The patient underwent adrenalectomy, and the mass was resected in one piece. Histopathological examination revealed oncocytic variant ACC with a weight of 50 g and a volume of 2 cm3. Histologically, the surgical border of the tumor, which was limited to the adrenal gland and capsule of the adrenal gland was intact. Neoplastic tissue had an expansile pattern. Normal adrenocortical cell components were seen in some sections and mixed with neoplastic cells. Retroperitoneal lymph node involvement and vascular invasion were not seen. Immunohistochemical analysis was positive for adrenal cortical specific markers ”MART-1 and inhibin”, neuroendocrine and adrenal medulla/cortex marker “synaptophysin”, and negative for adrenal medulla stain “chromogranin” and marker of Schwann cell “solubility in 100% saturated ammonium sulfate at neutral pH (S100)”, and renal epithelial marker “epithelial membrane antigen (EMA)”. The Ki-67 proliferation index was 10%. Twenty mitoses were counted per 50 high power fields with the help of cell proliferation marker “Phospho-Histone H3 (PHH3)” (Figure 1). Serum total testosterone, androstenedione and DHEA-SO4 levels decreased to <10 ng/mL, <0.3 ng/mL and 102 mcg/dL at the 12th postoperative hour and <10 ng/mL, <0.3 ng/mL and 57 mcg/dL at the 24th postoperative hour (Table 1).

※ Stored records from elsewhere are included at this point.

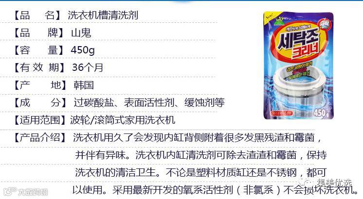 韩国山鬼洗衣机清洁剂450g*4包
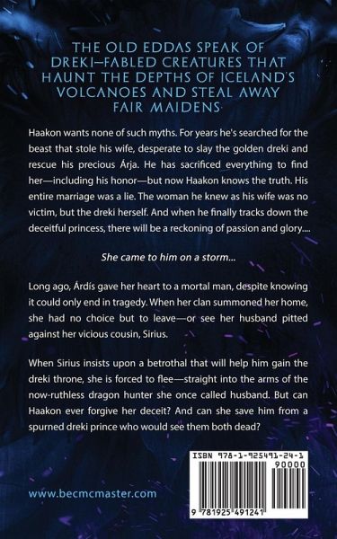 The old eddas speak of dreki-fabled creatures that haunt the depths of Iceland's volcanoes and steal away fair maidens. Haakon wants none of such myths. For years he's searched for the beast that stole his wife, desperate to slay the golden dreki and rescue his precious Árja. He has sacrificed everything to find her-including his honor-but now Haakon knows the truth. His entire marriage was a lie. The woman he knew as his wife was no victim, but the dreki herself. And when he finally tracks down the deceitful princess, there will be a reckoning of passion and glory.... She came to him on a storm... Long ago, Árdís gave her heart to a mortal man, despite knowing it could only end in tragedy. When her clan summoned her home, she had no choice but to leave-or see her husband pitted against her vicious cousin, Sirius. When Sirius insists upon a betrothal that will help him gain the dreki throne, she is forced to flee-straight into the arms of the now-ruthless dragon hunter she once called husband. But can Haakon ever forgive her deceit? And can she save him from a spurned dreki prince who would see them both dead?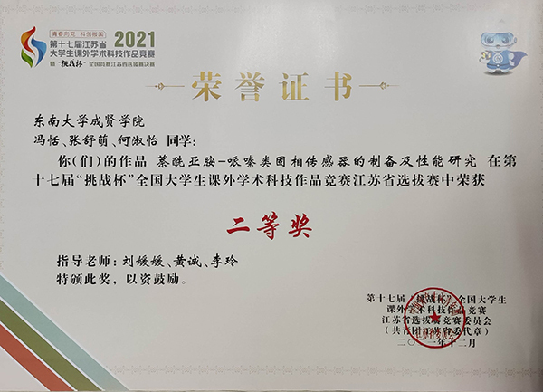 怀揣创新梦想,青春相约挑战。5月14日至15日,第十七届江苏省大学生课外学术科技作品竞赛暨“挑战杯”全国竞赛江苏省选拔赛决赛在南京中医药大学和南京信息职业技术学院举行。大赛以“青春向党 科创报国”为主题,吸引全省17万名师生参赛,全省131所高校706个项目闯进省赛,全省99所高校373个项目在省级决赛巅峰对决,其中本科院校入围57所,独立学院4所,我院申报的4个项目,1个项目获省赛二等奖,2个项目获省赛三等奖,国产视频 参加“挑战杯”竞赛获奖项目再创新高。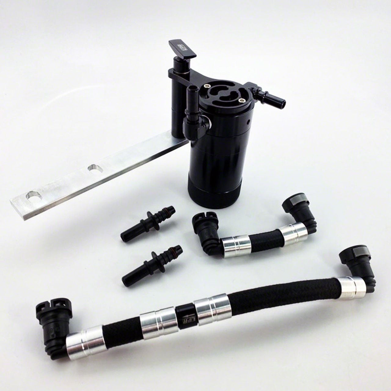 This New UPR Single Valve Catch Can kit is the perfect fit for your 99-04 Ford Lightning pickup's engine bay! With its extremely efficient compact design and incredible looks to top it off We went the extra mile to ensure you get the best quality components. This kit is 100% NO DRILL INSTALLATION, and can be fully disassembled or emptied and cleaned in seconds. You can select to install just the passenger side ("Dirty Side") catch can kit or you can add the optional driver side ("Clean Side") catch can for 100% protection. It utilizes UPR Braided Hose and Billet Hose Ends to give you the Strongest and Best Performing Setup Possible- No cheap stock lines here that have been cut and spliced on! Featuring the New UPR Plug N Play ™ Catch Can Fittings, you can empty the can without removing the catch can lines from your engine. (UPR Exclusive Push Button Fittings) We have hundreds of hours testing our new Multi-Stage Oil Separator to ensure proven results will exceed your expectations. We even got the largest oil capacity for a compact highly efficient internal diffuser system. 4 ounces will give you the needed oil capacity to be sure the catch can does not overfill.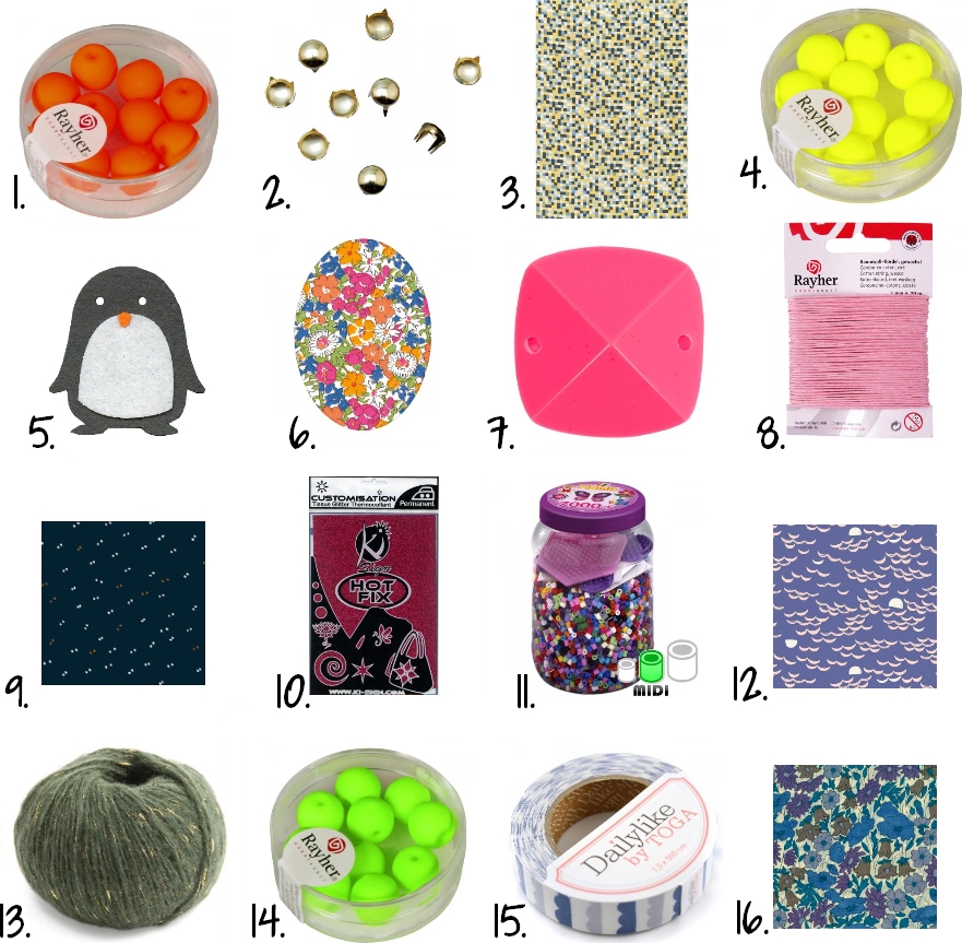 1. Perles en verres orange fluo – 2. Clous à griffes – 3. Thermocollan Dailylike – 4. Perles en verre jaune fluo – 5. Pingouin feutrine thermocollant – 6. Coudières thermocollant Liberty – 7. Pierre à coudre – 8. Cordon coton ciré rose – 9. Tissu Atelier Brunette Graphik Sparkle – 10. Thermocollant pailleté Ki Sign – 11. Perles Hama – 12. Tissu Atelier Brunette – 13. Laine métal chic marquise – 14. Perles en verre vert fluo – 15. Masking tape Dailylike – 16. Tissu Liberty Poppy Daisy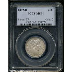 <TABLE cellSpacing=0 cellPadding=0 width="100%" bgColor=#000000 border=0><TBODY><TR><TD width="100%"><TABLE cellSpacing=1 cellPadding=3 width="100%" border=0><TBODY><TR><TD width="100%" bgColor=#79735c><FONT face=arial color=#ffffff size=3><B>Description</B> </FONT></TD></TR><TR><TD width="100%" bgColor=#ffffff><FONT face=arial size=2><B>1892-O 25C MS64 PCGS.</B></I> Type One Reverse. Tan-rose patina lays atop the surfaces of this truly near-Gem piece. One mark, a reeding mark on the bottom of Liberty's neck, literally keeps this piece out of a Gem holder. Still, a high end piece. </FONT></TD></TR></TBODY></TABLE></TD></TR></TBODY></TABLE><BR><A name=PricesRealized></A><TABLE cellSpacing=0 cellPadding=0 width="100%" bgColor=#000000 border=0><TBODY><TR><TD width="100%"><TABLE cellSpacing=1 cellPadding=3 width="100%" border=0><TBODY><TR><TD width="100%" bgColor=#79735c><A name=PR><FONT face=arial color=#ffffff size=3><B>Previous Prices from Heritage Auctions</B> </FONT></A></TD></TR><TR><TD bgColor=#f6f6ed><TABLE cellSpacing=0 cellPadding=0 width="100%" border=1><TBODY><TR><TD align=middle width="33%"><B>Date</B></TD><TD align=middle width="33%"><B>Service</B></TD><TD align=middle width="33%"><B>Price</B></TD></TR><TR bgColor=whitesmoke><TD width="33%"><B>08/07/1999</B></TD><TD width="33%">PCGS</TD><TD width="33%">$546.25</TD></TR><TR bgColor=whitesmoke><TD width="33%"><B>06/04/1993</B></TD><TD width="33%">PCGS</TD><TD width="33%">$715.00</TD></TR><TR bgColor=whitesmoke><TD width="33%"><B>01/06/1993</B></TD><TD width="33%">NGC</TD><TD width="33%">$484.00</TD></TR><TR bgColor=whitesmoke><TD width="33%"><B>06/24/2003</B></TD><TD width="33%">NGC</TD><TD width="33%">$471.50</TD></TR><TR bgColor=whitesmoke><TD width="33%"><B>08/06/2003</B></TD><TD width="33%">PCGS</TD><TD width="33%">$483.00</TD></TR></TBODY></TABLE></TD></TR><TR><TD bgColor=#ffffff><FONT face=arial size=1 ?>PLEASE NOTE: All prices realized reflect the final hammer price PLUS the buyer's premium in auctions that charge a buyer's premium. Each item has a notation at the top of the listing indicating whether that lot included a buyer's premium. Example: A item that sells with a final hammer price of $100 and a 20% buyer's premium will display with a price realized of $120. All information listed is intended to be as accurate as possible, but errors are possible. Please use this guide carefully and inform us of any inaccuracies. </FONT></TD></TR></TBODY></TABLE></TD></TR></TBODY></TABLE><BR><TABLE cellSpacing=0 cellPadding=0 width="100%" bgColor=#000000 border=0><TBODY><TR><TD width="100%"><TABLE cellSpacing=1 cellPadding=3 width="100%" border=0><TBODY><TR><TD width="100%" bgColor=#79735c colSpan=6><FONT face=arial color=#ffffff size=3><B>Price Guide*</B> </FONT></TD></TR><TR bgColor=#f6f6ed><TD align=middle><B>Grade</B> </TD><TD align=middle><B>Coin World<BR>(Trends)</B> </TD><TD align=middle><B>Numismedia<BR>Retail</B> </TD><TD align=middle><B>Numismedia<BR>Wholesale</B> </TD><TD align=middle><B>Coin<BR>Universe</B> </TD><TD align=middle><B>Heritage<BR>Value Index</B> </TD></TR><TR bgColor=#ffffff><TD align=middle>63</TD><TD align=right>$400.00</TD><TD align=right>$440.00</TD><TD align=right>$352.00</TD><TD align=right>$425.00</TD><TD align=right>$285.50</TD></TR><TR style="FONT-WEIGHT: bold" bgColor=#cccfdd><TD align=middle>64</TD><TD align=right>$700.00</TD><TD align=right>$720.00</TD><TD align=right>$575.00</TD><TD align=right>$715.00</TD><TD align=right>$474.13</TD></TR><TR bgColor=#ffffff><TD align=middle>65</TD><TD align=right>$1,750.00</TD><TD align=right>---</TD><TD align=right>$1,100.00</TD><TD align=right>$1,625.00</TD><TD align=right>$1,170.38</TD></TR><TR bgColor=#ffffff><TD colSpan=6><FONT size=1>*All information listed is intended to be as accurate as possible, but errors are possible. No item may be returned or refused based on this information which is provided as a service to our customers. You should contact each pricing source directly to determine the accuracy of this information. </FONT></TD></TR></TBODY></TABLE></TD></TR></TBODY></TABLE><BR><TABLE cellSpacing=0 cellPadding=0 width="100%" bgColor=#000000 border=0><TBODY><TR><TD width="100%"><TABLE cellSpacing=1 cellPadding=3 width="100%" border=0><TBODY><TR><TD width="100%" bgColor=#79735c><FONT face=arial color=#ffffff size=3><B>Population Guide</B> </FONT></TD></TR><TR bgColor=#ffffff><TD align=middle><!-- Begin Output of Population Grid--><TABLE cellSpacing=0 cellPadding=0 width="100%" border=0><TBODY><TR><TD vAlign=center><TABLE cellSpacing=0 width="100%" border=1 cellsadding="3"><TBODY><TR><TD vAlign=center><TABLE cellSpacing=0 cellPadding=3 width="100%" border=1><TBODY><TR><TD vAlign=center align=middle bgColor=#f0f1e8 colSpan=2 <CENTER><FONT face=Arial size=2><B>PCGS Pop </B></FONT><CENTER></CENTER></TD><TD vAlign=center align=middle bgColor=#f0f1e8 colSpan=2><CENTER><FONT face=Arial size=2><B>NGC Pop</B></CENTER></FONT></TD></TR><TR><TD vAlign=center><FONT face=Arial size=2>(64)</FONT> </TD><TD vAlign=center align=right><FONT face=Arial size=2>48</FONT> </TD><TD vAlign=center><FONT face=Arial size=2>(64)</FONT> </TD><TD vAlign=center align=right><FONT face=Arial size=2>58</FONT> </TD></TR><TR><TD vAlign=center><FONT face=Arial size=2>(>64)</FONT> </TD><TD vAlign=center align=right><FONT face=Arial size=2>28</FONT> </TD><TD vAlign=center><FONT face=Arial size=2>(>64)</FONT> </TD><TD vAlign=center align=right><FONT face=Arial size=2>30</FONT> </TD></TR></TBODY></TABLE></TD></TR></TBODY></TABLE></TD></TR></TBODY></TABLE><!-- End Output of Population Grid--> Important notice: Heritage usually auctions material at the rate of 200-250 lots per hour. On some occasions eBay Live bid software or the Internet may not be able to keep up with the pace of the auction. We recommend placing a realistic absentee bid now as insurance to avoid disappointment. Occasionally the auctioneer may eliminate or reject an eBay Live bid, and the auctioneer may also reopen a lot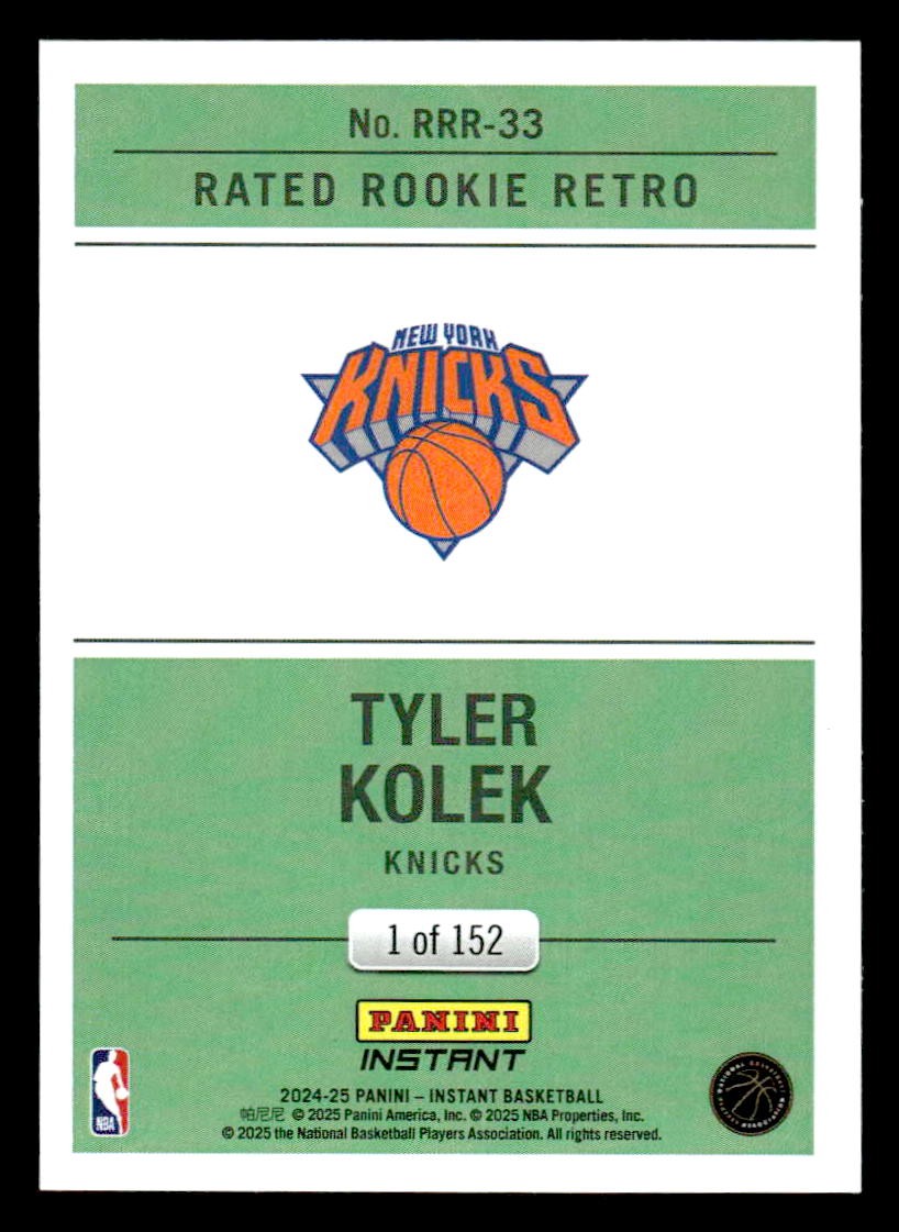 Tyler Kolek played for the New York Knicks in 2024, and this card is a standout from the Panini 2024-25 Panini Instant release. Whether you're chasing rookies, SSPs, or building a premium collection, this card delivers.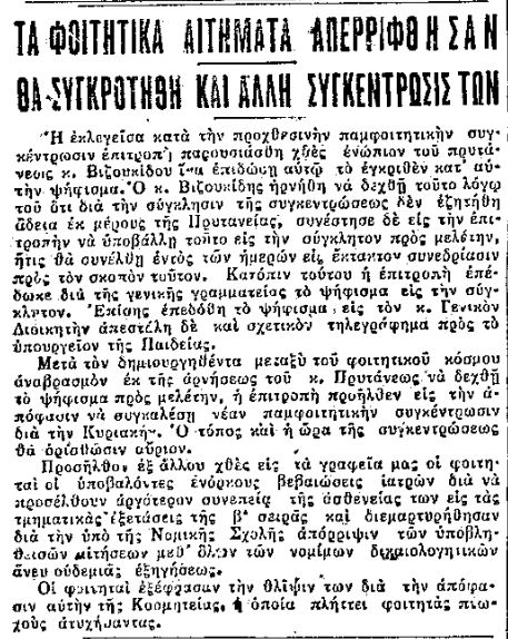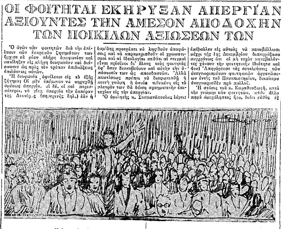 Ήταν το Νοέμβριο του 1931 όταν οι φοιτητές στη Θεσσαλονίκη είχαν κηρύξει πολυήμερη παμφοιτητική απεργία διεκδικώντας τη βελτίωση των συνθηκών εκπαίδευσης στο ΑΠΘ, δεδομένου ότι τα εργαστήρια, οι βιβλιοθήκες και οι κλινικές βρίσκονταν σε κακά χάλια και έλειπαν και τα στοιχειώδη μέσα για την καλή λειτουργία τους. Επίσης ζητούσαν τη δωρεάν σίτιση στη φοιτητική λέσχη των φτωχών φοιτητών και των πρωτοετών, την πλήρη ελευθερία του “συνέρχεσθαι” των φοιτητών και την κατάπαυση της τρομοκρατίας από τις πανεπιστημιακές και αστυνομικές αρχές.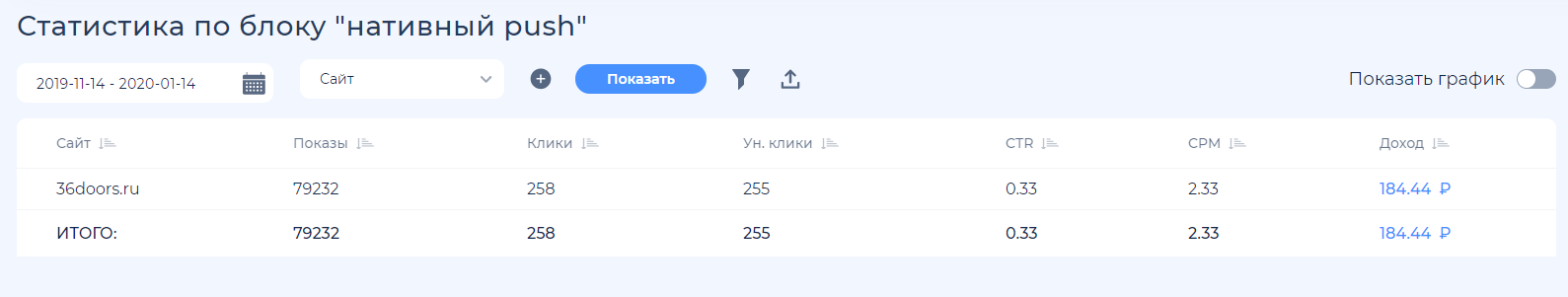 Продается сайт строительной тематики для монетизации под РСЯ или партнерские программы, связанные с тематикой строительства. Все материалы сайта копипаст из открытых источников сети интернет. В частности, материал парсился из поисковой выдачи Яндекса по xml запросам. Трафик сайта естественный, без накруток. В связи с тем, что сейчас не сезон для строительных работ, трафик спал. Возможно еще сказались последние веяния гугл, который ввел новый алгоритм ранжирования. Продаю сайт в связи с необходимостью закрыть кредитные обязательства. Монетизировал сайт ранее с помощью пуш рассылки и рекламы медицине тизера. После отказался от медицине тизера в пользу РСЯ, так как доходность сайта в РСЯ была выше. Сейчас на сайте стоит пуш-подписка, настроен нативный пуш и РСЯ. Нативный пуш был установлен с 25 декабря 2019 года, поэтому с среднемесячный доход я его не включал. Доход с 25.12.2019 по 04.01.2020 года составил по нативному пушу 70,86 копеек.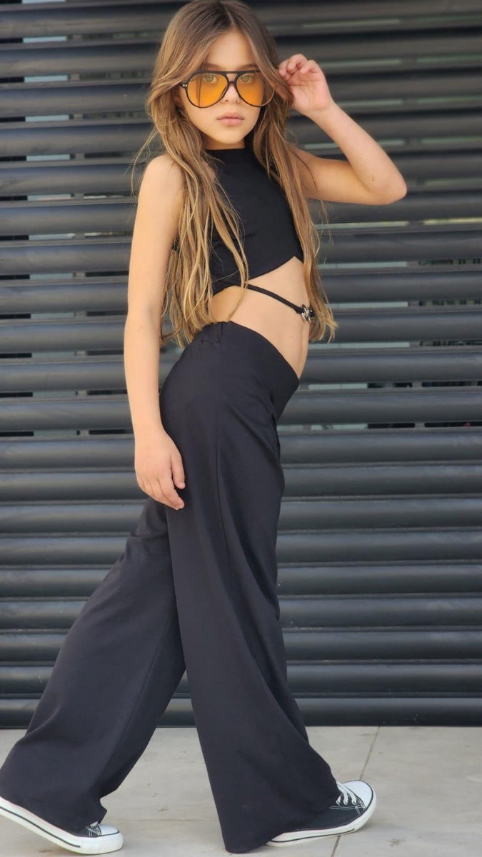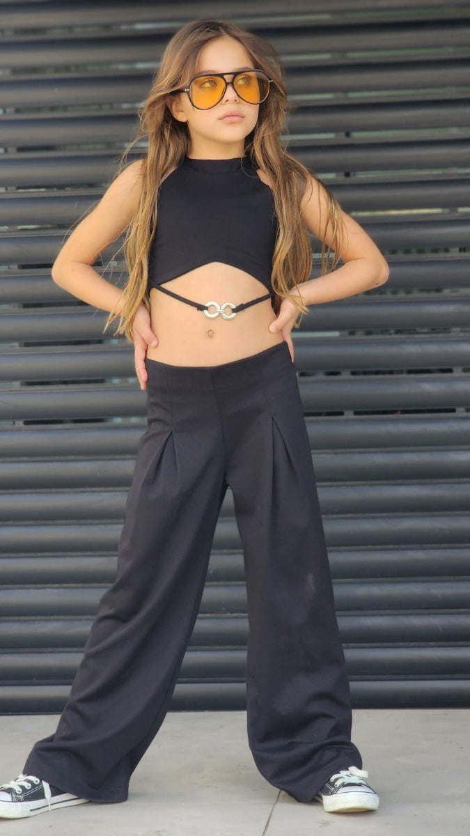 סט טופ טבעת ומכנס פנס רחב ג'רסי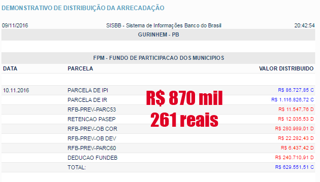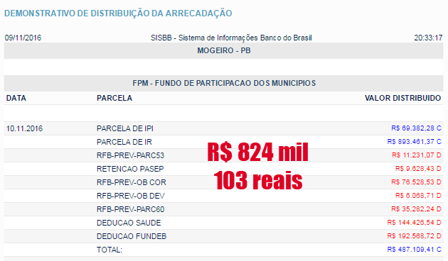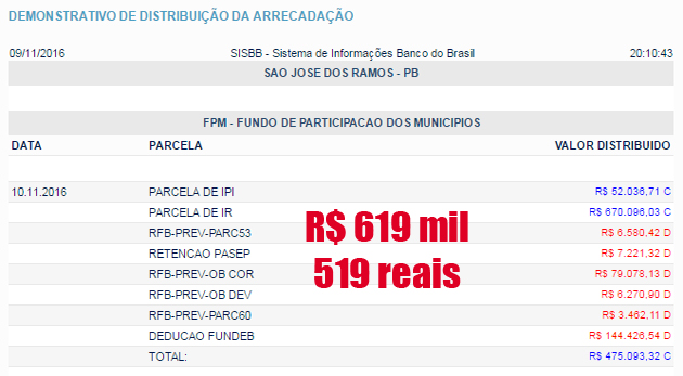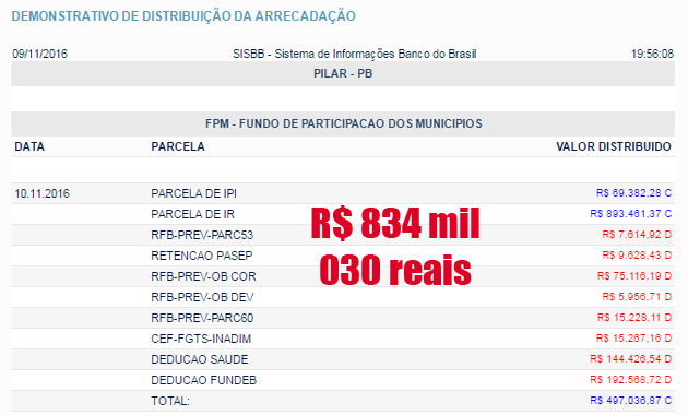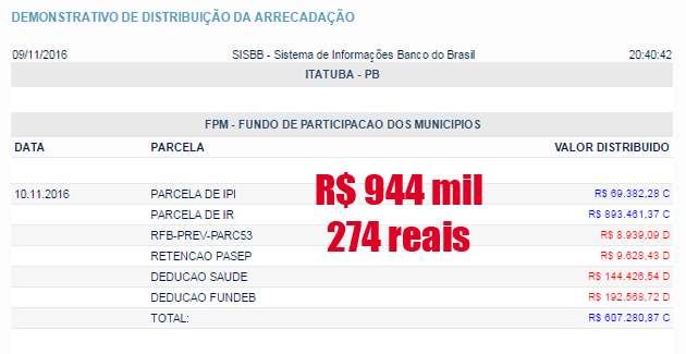 DE R$ 1.098.000,00 É BOM LEMBRAR QUE R$ 288.853,09 DO REPASSE QUE VEIO PARA A CIDADE DE INGÁ-PB; É PARA O FUMDEB OU SEJA PARA EDUCAÇÃO PARA PAGAMENTO DOS PROFESSORES E PESSOAL DE APOIO.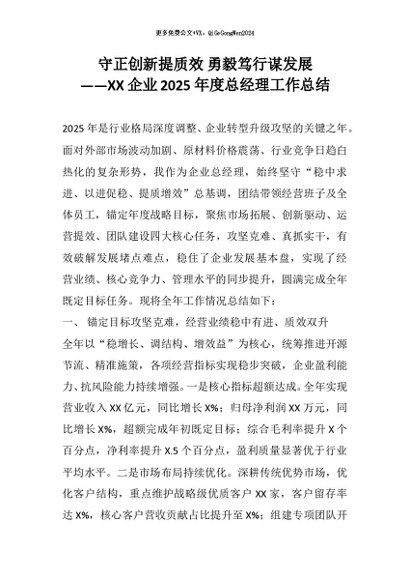 【七哥公文】2026年:守正创新提质效 勇毅笃行谋发展——XX企业2025年度总经理工作总结+更多免费公文+VX:QiGeGongWen2024
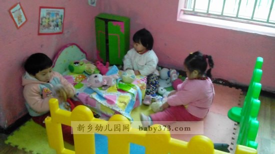 我们最喜欢在娃娃家里边玩了,因为我们可以玩过家家,给娃娃盖被子,哄一哄娃娃睡觉,还可以喂娃娃吃饭,我们在幼儿园里玩的可开心了!

Positron emission tomography (PET)-CT and thoraco-abdominal CT were reported normal as part of the staging workup. Staging of this oncocytic variant ACC, according to the Children’s Oncology Group (7) classification was evaluated as stage 1. No further therapy was planned due to the group 1 staging (complete resection and tumor volume <200 cm3 and negative markers after surgery) according to TREP (Rare Tumors in Pediatric Age) (8). No further medical treatment was given to the patient. He was followed-up closely with physical examination and USG.

Evaluation After Relapse

Three months after adrenalectomy, the child represented with swelling of the left leg with a few weeks of history. A painless, immobile, rough, 6x8 cm swelling between the proximal anteroposterior femoral and the inguinal region was detected. MRI scanning revealed 9x4x3.5 cm mass, which was isointense with muscle in T1, hyperintense in T2 images with dense contrast enhancement. The mass compressed to the superficial femoral vein and surrounded the femoral artery for 200/360 degrees. A tru-cut biopsy was performed. The pathology result was reported as compatible with metastasis of oncocytic variant ACC without immunohistochemistry. After extensive resection of the mass, histopathological examination revealed embryonal RMS, which was 8.5x5x4 cm, with a grey-white color, and solid (Figure 2). Histologically, the surgical border of the tumor, which was limited to muscle was intact with 5% focal necrosis. Lymphovascular invasion was not detected. Immunohistochemical analysis was positive for desmin, Myo-D1, and muscle-specific-actin. MART-1, synaptophysin, S100, inhibin, chromogranin, CK7, CK20, MPO, and EMA were negative. The Ki-67 proliferation index was 70% (Figure 2). PET-CT and thoraco-abdominal CT evaluation were found to all be normal as part of the staging workup. Lymph node and pulmonary involvement were not detected. The extent of the RMS was defined according to the Intergroup RMS study (IRS) 3 staging system. The patient was evaluated as pretreatment stage 3, postoperative group 1, and low subset B risk.

Genetic Evaluation

A pedigree chart was made. No consanguinity was present. Karyotype analysis of the patient was normal (46; XY). Testing for tumor protein (TP53) variant by DNA sequence analysis was positive in the peripheral blood sample, but fluorescence in situ hybridization was negative.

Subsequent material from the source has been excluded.